Short summary of panicmage features
The software panicmage simulates distributed genomes according to the Infinitely Many Genes Model and can estimate model parameters from observed data. Moreover panicmage computes a p-value for the observed gene frequency spectrum and a given genealogy in the Infinitely Many Genes Model. So far p-values for neutral evolution can be computed. In addition panicmage can account for sampling bias under neutral evolution. Given
a proxy for the true clonal genealogy of the sample
the gene frequency spectrum of the sample
the sample size n
the number of generations to the most recent common ancestor (MRCA) of the sample in millions (optional)
panicmage estimates gene gain and gene loss rates and the number of core genes according to the Infinitely Many Genes Model. In addition panicmage computes the p-value of the observed gene frequency spectrum under neutral evolution. Small p-values hint at global selective forces or population growth while very high p-values may appear if gene transfer and/or recombination occur frequently. Finally panicmage provides estimates for the following statistics in a neutral evolving population:
the average number of genes per individual
the average total number of genes present in 2, n, 1000 and 10000 individuals for a random clonal genealogy, resp.
the average total number of genes present in 2 or n individuals for the given clonal genealogy, resp.
the average number of new genes to be found in the next (n+1-th) sequenced individual
If in addition the number of generations to the MRCA is given panicmage can also estimate:
The size of the pangenome, that is the total number of different genes present in the whole population.
The size of the persistant pangenome, that is the total number of different genes present in at least 1% of the whole population.

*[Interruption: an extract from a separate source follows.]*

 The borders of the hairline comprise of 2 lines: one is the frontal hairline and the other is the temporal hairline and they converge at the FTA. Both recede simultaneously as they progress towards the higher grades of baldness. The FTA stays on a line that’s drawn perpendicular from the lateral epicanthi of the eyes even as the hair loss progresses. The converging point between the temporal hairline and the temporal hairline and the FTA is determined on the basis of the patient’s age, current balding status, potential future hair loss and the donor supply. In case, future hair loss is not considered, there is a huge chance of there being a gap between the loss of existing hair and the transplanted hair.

The per individual per generation gene gain rate
The per individual per gene per generation loss rate
CRISPR spacer arrays
panicmage can be used to estimate the insertion and deletion rates of
CRISPR spacers, as outlined in @Baumdicker2018. If you intend to do so
use the spacer frequency spectrum instead of the gene frequency spectrum
and use the
panicmage is written in C and C++ and designed for Linux. Currently there is no manual for Windows or Mac.
For panicmage the GNU Scientific Library (GSL) – development package (libgsl0-dev) is needed, please install it, e.g. by typing
sudo apt-get install libgsl0-dev
In order to install panicmage extract panicmage.zip to any directory, e.g. by typing
there is a binary file panicmage which might already work for your system. Otherwise compile it again with:
g++ panicmage.c -lm -lgsl -lgslcblas -o panicmage
In addition the flag -std=c++11 is required for gcc < 6.0. You may now run panicmage from commandline. Type
to see basic usage.
panicmage requires at least 3 input parameters which have to be prompted in the correct order.

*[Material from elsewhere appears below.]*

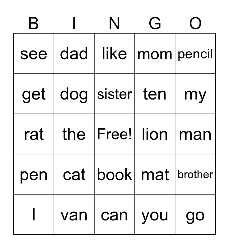 This bingo card has a free space and 29 words: I, is, the, we, see, like, dog, cat, lion, van, man, go, can, you, my, school, book, pen, pencil, rat, mat, sat, ten, get, mom, dad, brother, sister and son.
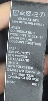 Discover timeless sophistication with this Marks and Spencer Women’s Petite Navy Pencil Skirt in size 12. Expertly crafted for a flattering silhouette, this structured piece combines elegance with comfort perfectly suited for business, workwear, or smart-casual occasions. The pencil shape and knee-length cut create a sleek, professional profile that pairs effortlessly with blouses, shirts, or tailored blazers. Designed in a rich navy tone, it’s a versatile shade that complements an array of colours and styles, making it a wardrobe staple for any modern woman. The skirt is tailored from a premium blend of polyester, viscose, and a touch of elastane, ensuring both softness and flexibility for ease of movement throughout the day. Fully lined for comfort and durability, it features a discreet rear zip closure and a neat back slit detail that adds a subtle hint of femininity while allowing for effortless movement. As part of the M&S Collection, it demonstrates the brand’s dedication to quality and timeless British design. The fabric’s twill texture offers a delicate structure that elevates its refined look, suitable for year-round wear. Whether you style it with heels for a polished office appearance or flats for a chic everyday outfit, this skirt delivers style and practicality in equal measure. The durable, machine-washable design makes it easy to care for, perfect for regular use while maintaining its crisp, professional finish wash after wash. Ideal for women who appreciate understated sophistication and comfort, this Marks and Spencer petite pencil skirt is an essential addition to any wardrobe. Its carefully tailored cut and versatile navy hue make it an investment piece that transitions seamlessly from desk to dinner, offering enduring elegance and smart versatility you can rely on season after season.

./panicmage [TREEFILE] [GFS\_FILE] [INT] ... [OPTIONS]
[TREEFILE] Has to be the tree your analysis is based on and represents the clonal genealogy of your sample. panicmage accepts only files in Newick format. For more infos on the Newick format have a look at http://en.wikipedia.org/wiki/Newick_format. The tree must contain the distances between the nodes and should be rooted. Note that only ultrametric bifurcating trees will give meaningful results! I.e. the distances between each pair of individuals have to equal. However panicmage does not check whether your tree is ultrametric, so be careful. The names/ID’s for the individuals can be any string or integer, but 1,...,no. of individuals. It is recommend to use ID’s between 1000 and 9999. A simple tree for 3 individuals might look like this: (101:0.6,(103:0.22,102:0.22):0.38);
[GFS_FILE] This file should contain the gene frequency data. The correct format is a simple text file which contains the number of genes per frequency class seperated by whitespaces. To be precise, the first number has to be the total number of unique genes in the population. The second number has to be the number of genes which are present in exactly two individuals. And so on such that the last number is the number of genes present in all individuals (i.e. the number of core genes).
[INT] Enter the number of individuals in your sample. This number should equal the number of leafs in your treefile!
-g [FLOAT] Set the number of generations up to the most recent common ancestor (MRCA) for your sample. Optional parameter but, enables panicmage to estimate several statistics of interest (e.g. total pangenome size, per generation gene gain and loss rates). Number is treated in millions, so “-g 1.234” equals 1234000 generations up to the MRCA.
For further options and instructions have a look at the ReadMe_Panicmage.pdf and the ReadMe_Panicmage.txt files.